Can Large Language Models Function as Qualified Pediatricians? A Systematic Evaluation in Real-World Clinical Contexts
- URL: http://arxiv.org/abs/2511.13381v1
- Date: Mon, 17 Nov 2025 13:54:00 GMT
- Title: Can Large Language Models Function as Qualified Pediatricians? A Systematic Evaluation in Real-World Clinical Contexts
- Authors: Siyu Zhu, Mouxiao Bian, Yue Xie, Yongyu Tang, Zhikang Yu, Tianbin Li, Pengcheng Chen, Bing Han, Jie Xu, Xiaoyan Dong,
- Abstract summary: With the rapid rise of large language models (LLMs) in medicine, a key question is whether they can function as competent pediatricians in real-world clinical settings.<n>We developed PEDIASBench, a systematic evaluation framework centered on a knowledge-system framework and tailored to realistic clinical environments.<n>We evaluated 12 representative models released over the past two years, including GPT-4o, Qwen3-235B-A22B, and DeepSeek-V3, covering 19 pediatric subspecialties and 211 prototypical diseases.

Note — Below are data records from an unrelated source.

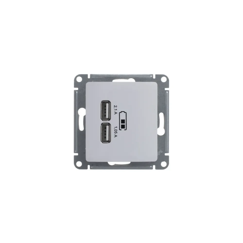 Розетка GLOSSA USB 5В/2100мА 2х5В/1050мА механизм белый SE (Потенциал) GSL000133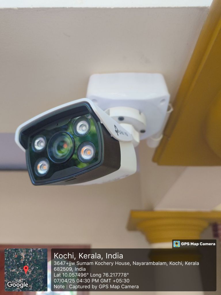 Successfully completed TP-Link IP camera installation at 3647+jjw Sumam Kochery House, Nayarambalam, Kochi, Kerala 682509. This setup includes multiple high-definition surveillance cameras covering the driveway, front yard, garden area, entrance, and vehicle parking zone. Crystal-clear footage and real-time remote monitoring now ensure round-the-clock security for the premises.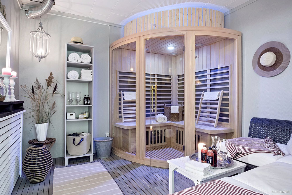 Стените и таваните в почти всички помещения са покрити с декоративни плоскости, имитиращи дървена ламперия, което от една страна се съчетава отлично с ламинатните подове и с керамичните и фаянсовите повърхности, а от друга страна, създава един почти рустикален топъл уют.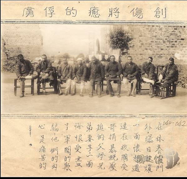 抓獲的日軍俘虜.日軍雖對我軍民手段殘忍,但我方為強化宣傳,這些抓來的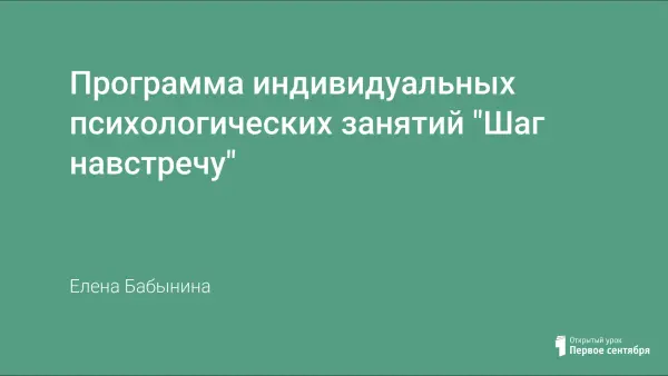 Программа индивидуальных психологических занятий "Шаг навстречу " разработана в соответствии со специфическими особенностями интеллектуальной и потребностно-мотивационных сфер ребенка. Формирование «умных эмоций» и коррекцию недостатков эмоциональной сферы необходимо рассматривать в качестве одной из наиболее важных, задач воспитания, развития ребенка.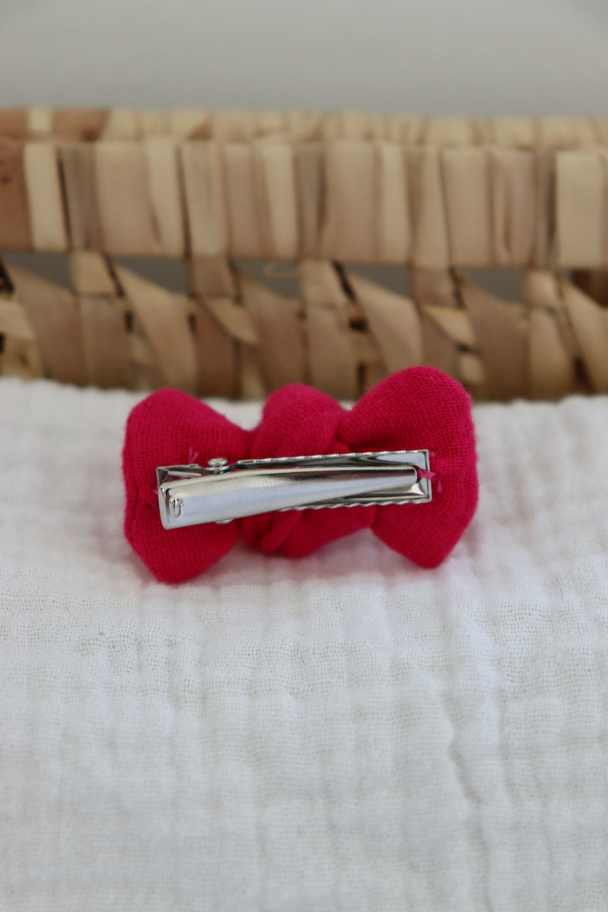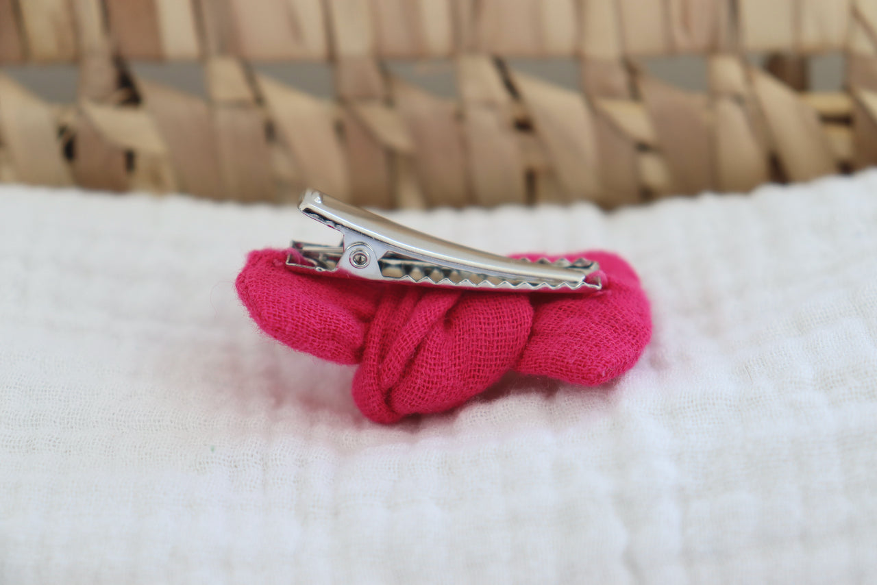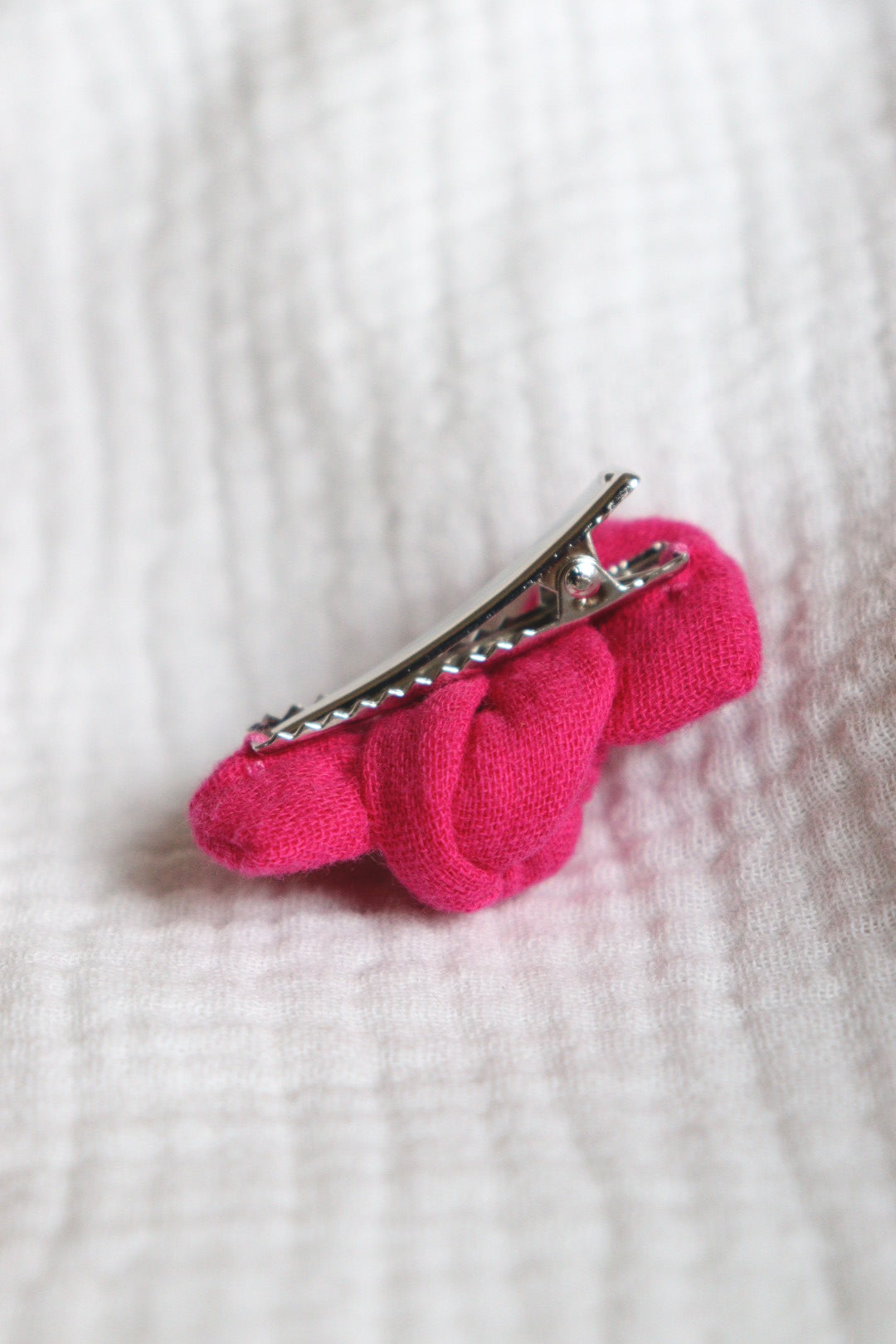 Barrette crocodile cousue sur un noeud. Son attache en forme de pince permet une pose facile sur les cheveux et ne glisse pas.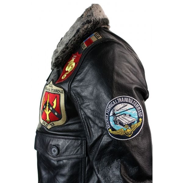 บอมเบอร์แจ็คเก็ตปกขนแกะสำหรับผู้ชาย,แจ็คเก็ตหนังแท้คอปกถอดได้สำหรับนักบิน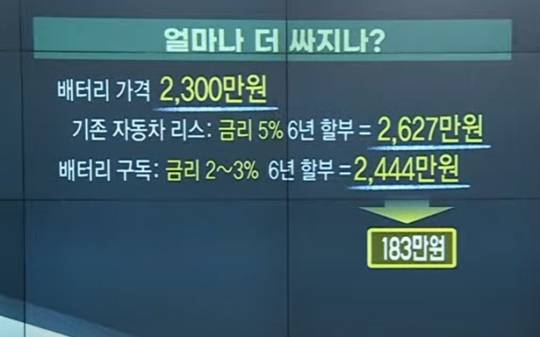 이 기준으로 기존처럼 전기차를 살 때와 배터리 구독 서비스로 살 때를 비교해 보면요.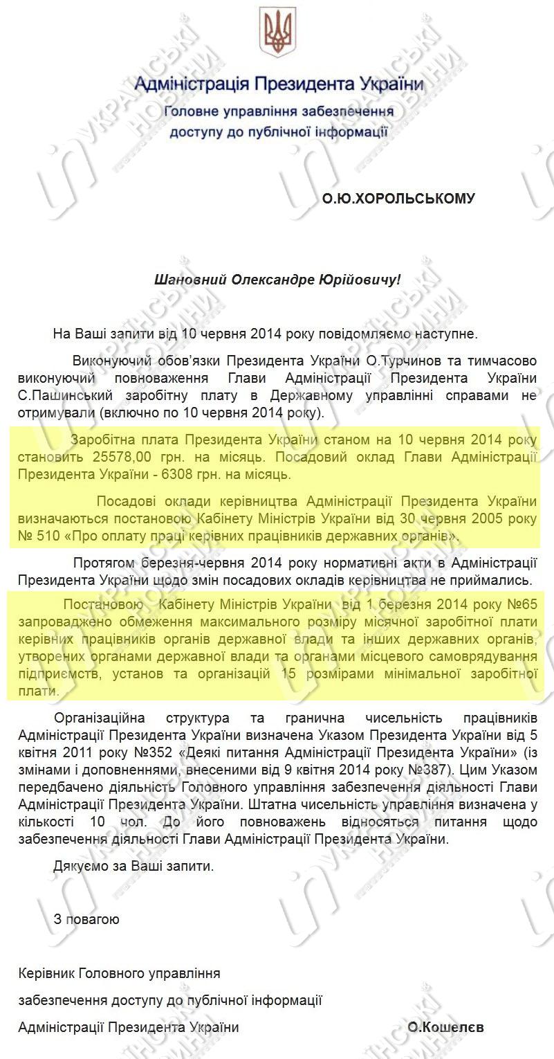 По сообщению АП, зарплата президента со времен Януковича не менялась, и по состоянию на начало июня 2014 года она составляет 25 578 гривен в месяц. В то же время в АП планируют руководствоваться постановлением КМУ от 1 марта 2014 года, которое ограничивает максимальный размер зарплаты чиновников сумму в «15 размеров минимальной заработной платы». Согласно закону о госбюджете, минимальная заработная плата в 2014 году составляет 1218 гривен и на протяжении года меняться не будет.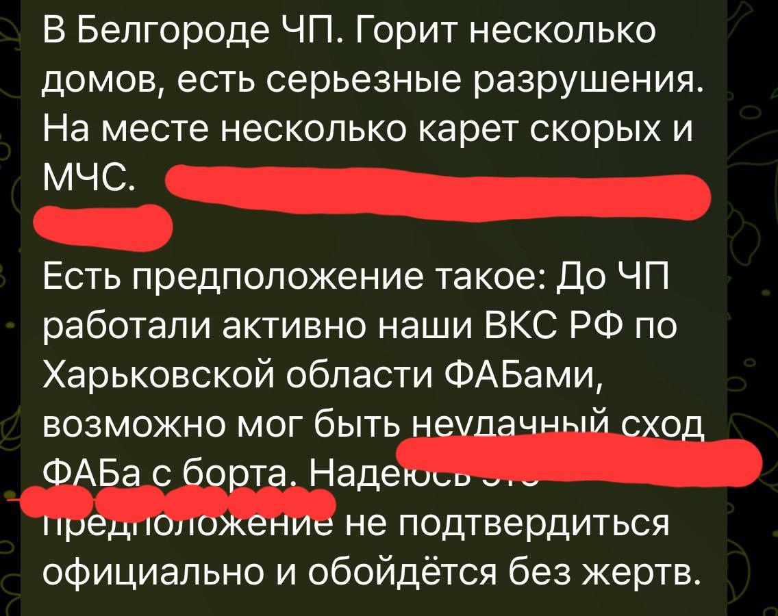 Раніше бєлгородський телеграм-канал "Попіл" припустив, що на будинок у приватному секторі могла впасти російська авіабомба.
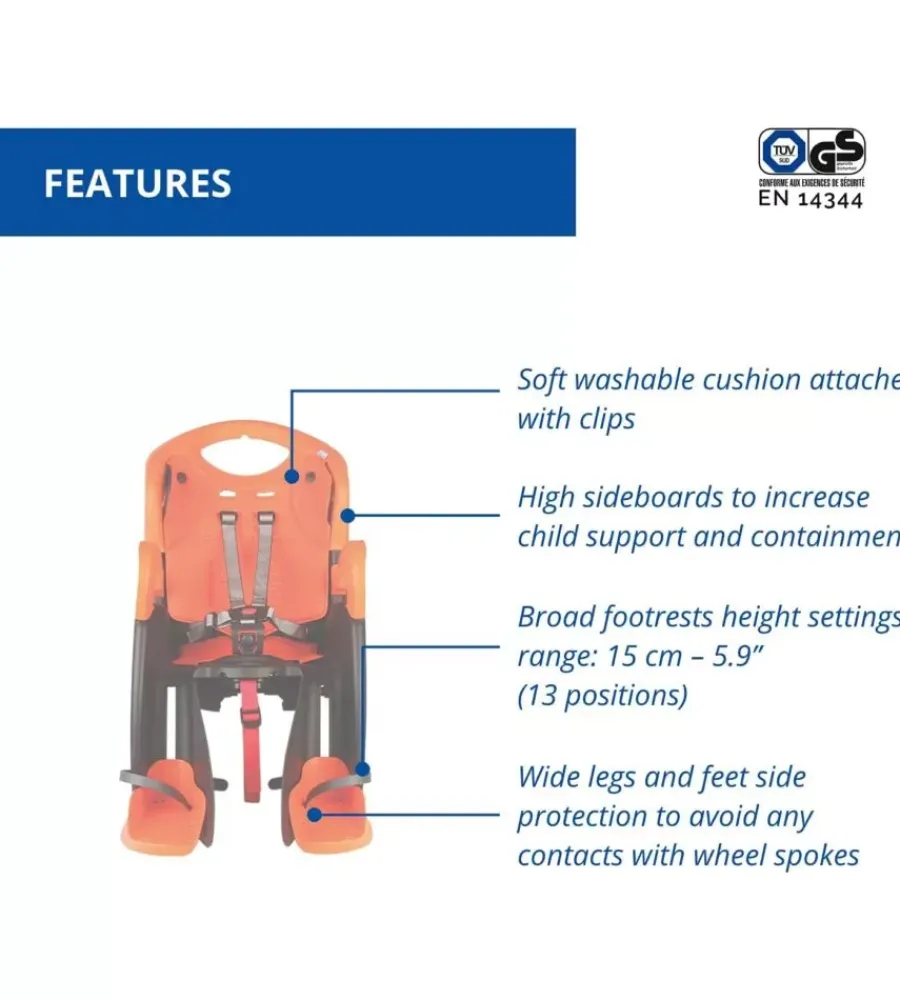 Il seggiolino è realizzato con materiali di alta qualità, inclusi un soffice cuscino lavabile fissato con clip per una facile pulizia. La regolazione è molto versatile: l’altezza dei piedini può essere adattata in 13 posizioni diverse, con una regolazione totale di 15 cm. Per garantire il massimo comfort, lo schienale del seggiolino è facilmente regolabile in altezza tramite una pratica manopola situata sul retro. È anche progettato con un alloggiamento per il caschetto, che aiuta a sostenere meglio il collo del bambino. Il fibbione di sicurezza è estremamente comodo per i genitori, poiché può essere agganciato e sganciato con una sola mano e regolato in profondità per adattarsi perfettamente.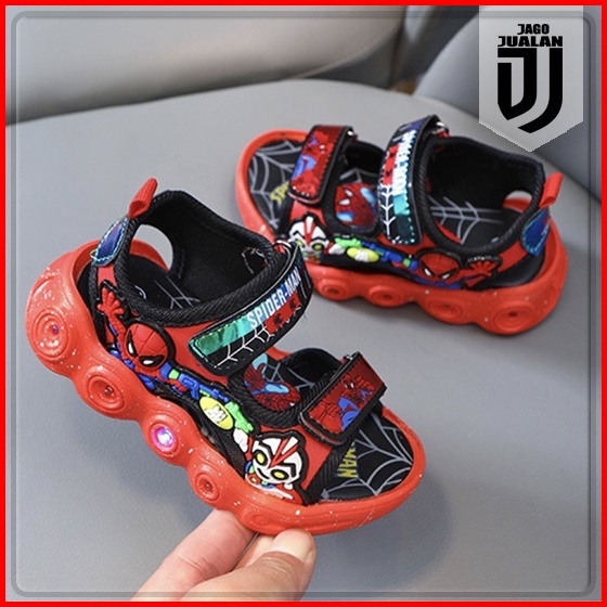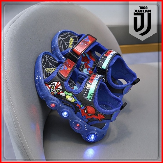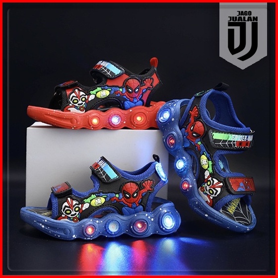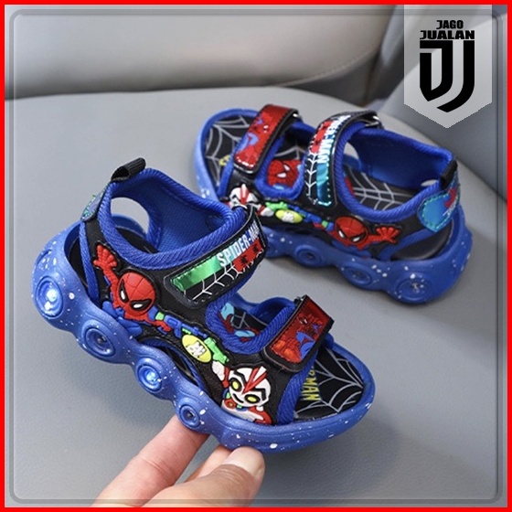 Sandal Gunung Lampu Led Spiderman Anak Usia 1 2 3 4 5 6 Tahun Sandal Sepatu Anak Balita Cowok Motif Spiderman Lucu Sanda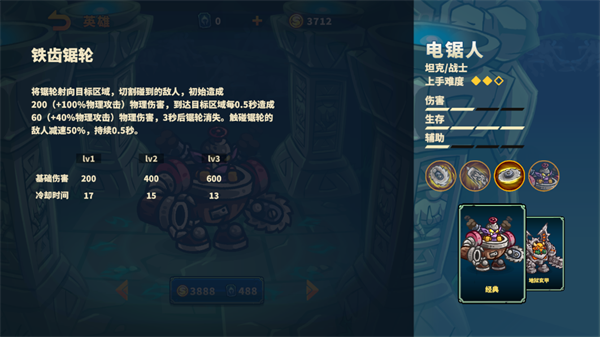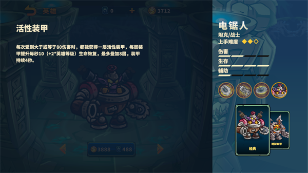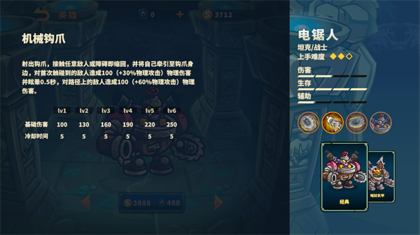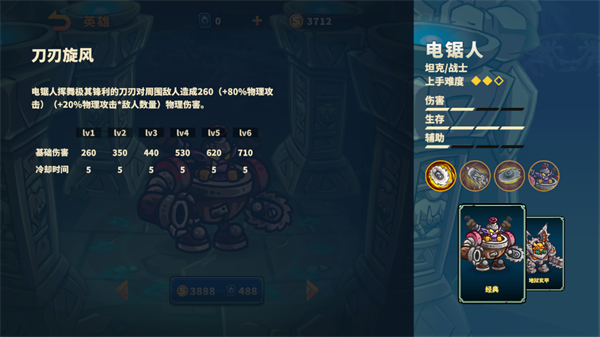 电锯人是一位坦克/战士类型英雄,其拥有超强的生存能力,也有一定的输出能力
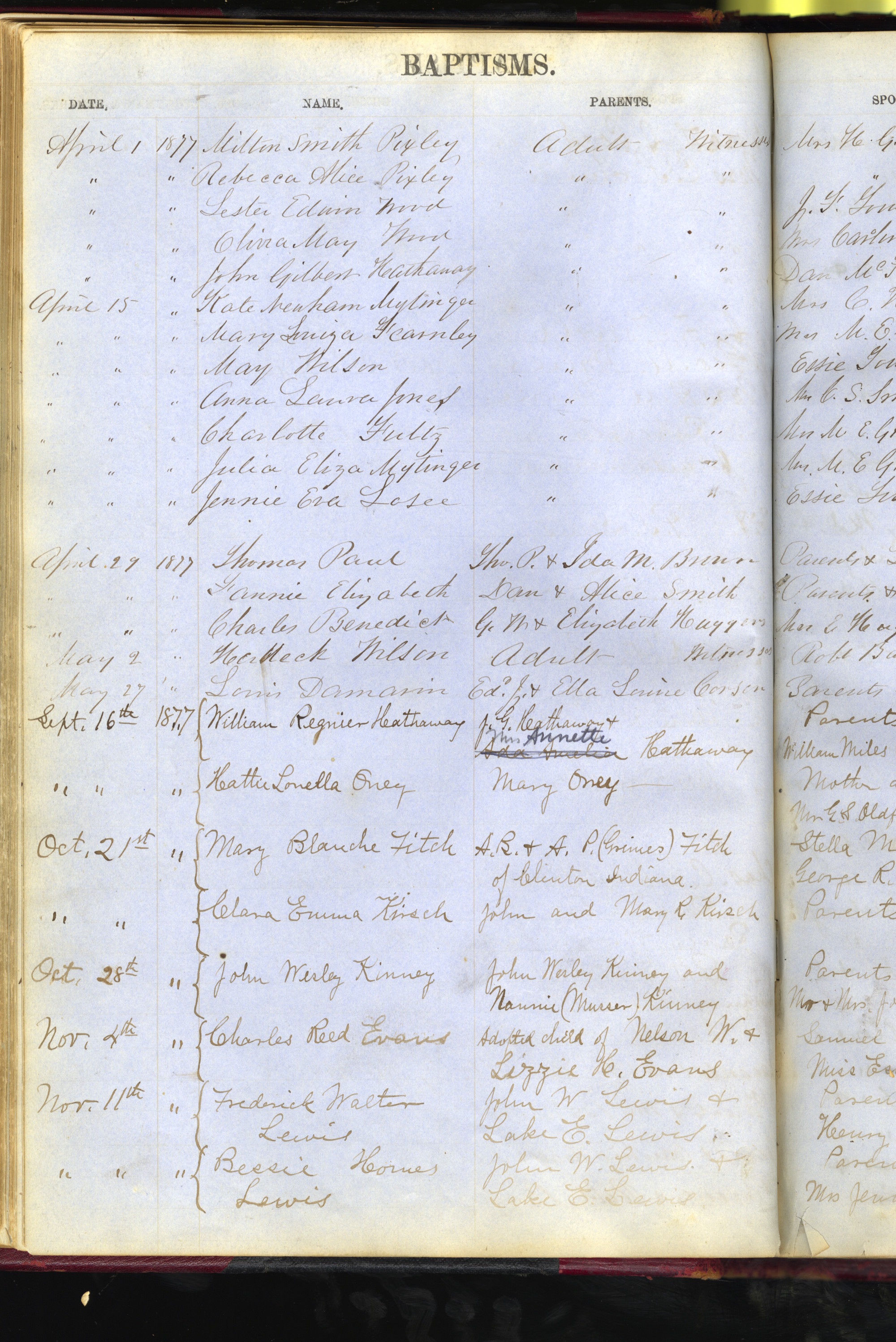 - scan of cursive written page of the Parish register for All Saints Church, Portsmouth, Ohio. Listed are the baptisms.

- Score: 9.274932109971358
- License: http://arxiv.org/licenses/nonexclusive-distrib/1.0/
- Abstract: With the rapid rise of large language models (LLMs) in medicine, a key question is whether they can function as competent pediatricians in real-world clinical settings. We developed PEDIASBench, a systematic evaluation framework centered on a knowledge-system framework and tailored to realistic clinical environments. PEDIASBench assesses LLMs across three dimensions: application of basic knowledge, dynamic diagnosis and treatment capability, and pediatric medical safety and medical ethics. We evaluated 12 representative models released over the past two years, including GPT-4o, Qwen3-235B-A22B, and DeepSeek-V3, covering 19 pediatric subspecialties and 211 prototypical diseases. State-of-the-art models performed well on foundational knowledge, with Qwen3-235B-A22B achieving over 90% accuracy on licensing-level questions, but performance declined ~15% as task complexity increased, revealing limitations in complex reasoning. Multiple-choice assessments highlighted weaknesses in integrative reasoning and knowledge recall. In dynamic diagnosis and treatment scenarios, DeepSeek-R1 scored highest in case reasoning (mean 0.58), yet most models struggled to adapt to real-time patient changes. On pediatric medical ethics and safety tasks, Qwen2.5-72B performed best (accuracy 92.05%), though humanistic sensitivity remained limited. These findings indicate that pediatric LLMs are constrained by limited dynamic decision-making and underdeveloped humanistic care. Future development should focus on multimodal integration and a clinical feedback-model iteration loop to enhance safety, interpretability, and human-AI collaboration. While current LLMs cannot independently perform pediatric care, they hold promise for decision support, medical education, and patient communication, laying the groundwork for a safe, trustworthy, and collaborative intelligent pediatric healthcare system.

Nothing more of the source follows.